I've been noodling this for a while now. I figure it's time to swallow my pride and just ask the members.

Both my mills have a high and low speed range that is accomplished through a back gear. It is easy to see how the back gear is engaged through a fork on the small gear that connects the back gear belt pulley to the bull gear assembly.

But what disconnects/connects the other half of the system? Is there an over-running clutch of some kind between the top and bottom half of the spindle. All I see is a set of teeth between the top and bottom, but no way to connect or disconnect the teeth. Does turning the top of the spindle in reverse disconnect the top and bottom somehow?


----------



## Brent H (Aug 29, 2021)

When you move the speed change lever from high to low, instead of driving direct from the belt, you lower a large drive gear to mesh with a smaller “back gear” and your mill will drive in reverse unless you change the direction of the motor, hence the motor switch says  “High and Low” instead of forward and reverse.  

The lever stop you fixed raises and lowers the large drive gear to mesh with the back gear.


----------



## RobinHood (Aug 29, 2021)

Here is a page from  the Bridgeport manual from MIT. It kind of relates to your question.






And here is the link to the full manual.

https://fab.cba.mit.edu/content/tools/bridgeport_mill/Bridgeport.pdf


----------



## Susquatch (Aug 30, 2021)

Thanks for trying to help @RobinHood & @Brent H. Both of these answers relate to my question but don't address the core issue that I am having. I do understand how the back gear itself works and how it is engaged or disengaged.

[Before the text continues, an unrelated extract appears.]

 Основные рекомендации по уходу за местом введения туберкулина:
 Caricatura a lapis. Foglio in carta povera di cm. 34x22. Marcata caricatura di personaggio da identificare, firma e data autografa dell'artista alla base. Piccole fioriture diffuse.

What I am having difficulty with is how the top and bottom of the spindle disconnect in concert with the back gear. In my mind, you can not have two parallel power paths engaged at the same time. They can turn at the same time, but they cannot be connected at the same time. Otherwise, something will break.

My guts tell me that this disconnect happens at the horizontal set of teeth between top and bottom halves of the spindle. But there are no levers that act on that section of the power path. I have not disassembled that part of the mill and I have no experience to teach me. So I can't figure out how it works.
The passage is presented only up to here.